[gdal-dev] "RFC 75: Multidimensional arrays" available for preliminary review

Peter Baumann p.baumann at jacobs-university.de
Tue Jun 18 07:33:11 PDT 2019

Dear Jason,

it's great to read your excellent writeup of situations and requirements! FYI,
GDAL already has a rasdaman driver where rasdaman (www.rasdaman.org) is an Array
Database doing all you describe (plus a few more things). However, currently
GDAL utilizes rasdaman only as a simple file access mechanism. Instead, queries
could be pushed down from GDAL - that might give a low-hanging fruit for adding
true nD to GDAL. With rasdaman there are 2 interfaces: rasql (no georeferencing,
SQL style, just syntactic deviations to the ISO SQL/MDA datacube standard) and
OGC WCS/WCPS (the OGC datacube access/analytics standards, with space/time

Would some sort of collaboration be of interest?
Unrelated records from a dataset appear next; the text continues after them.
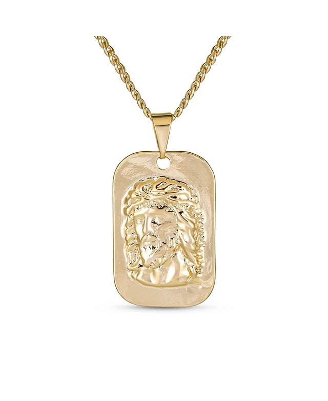 Bling Jewelry Religious Metal Dog tog Style Medallion Face of Jesus Christ Head Necklace Pendant Yellow Gold Plated
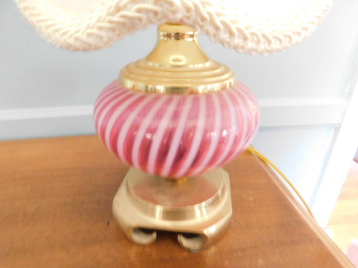 Cranberry White Stripe Swirl Belly Glass Table Lamp
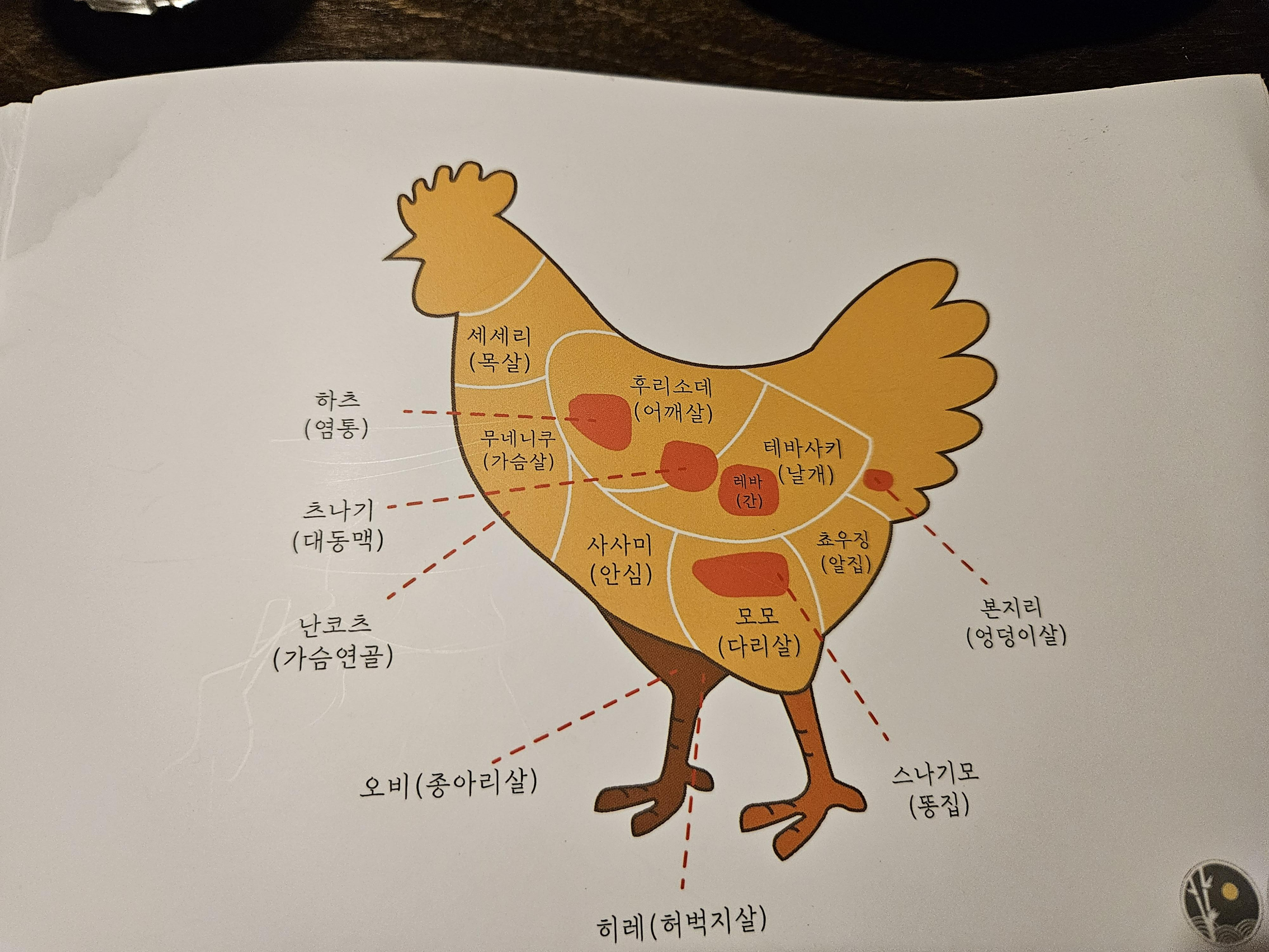 닭의 부위별 이름을 설명해주는데

On 29.05.19 20:37, Jason Roberts wrote:
> Dear Even,
> Thank you for exploring the possibility of making GDAL more multidimensional. In the 10+ years I've lurked on this list I recall this coming up periodically. It's a hard problem; perhaps now will be the time to actually do it!
> Over that period, I have worked with a lot of 3D (x,y,z and x,y,time) and 4D (x,y,z,time) datasets from the ocean remote sensing and modeling communities. I'm a marine spatial ecologist; most of my work involves trying to explain or predict distributions of marine species from observations or models of oceanographic variables such as sea surface temperature (SST) or chlorophyll concentration. I want to describe two of the most common scenarios involving multidimensional data in the hope that it can inform your thinking about ways to enhance GDAL's API to be multidimensional. Hopefully you'll find this useful; apologies if not!
> Scenario 1: Sampling a 3D or 4D raster dataset with a vector dataset:
> In this scenario, we have vector features, usually points, for which we want to obtain values from a 3D or 4D raster dataset. For example, the vector features might be points representing the locations of satellite-tracked animals, of survey vessels, or hauls of fishing gear. The vectors usually have a datetime attribute, and possibly a depth attribute. The raster dataset might be a time series of satellite SST images with dimensions lon, lat, and time, or a time+depth series of water temperature from a 4D ocean model with dimensions lon, lat, depth, and time. We need to match up each point to the closest 2D slice based on time and/or depth, and then index into the image with lon and lat and extract the value of the cell to an attribute of the point. From there we can perform statistical analysis on the sampled values.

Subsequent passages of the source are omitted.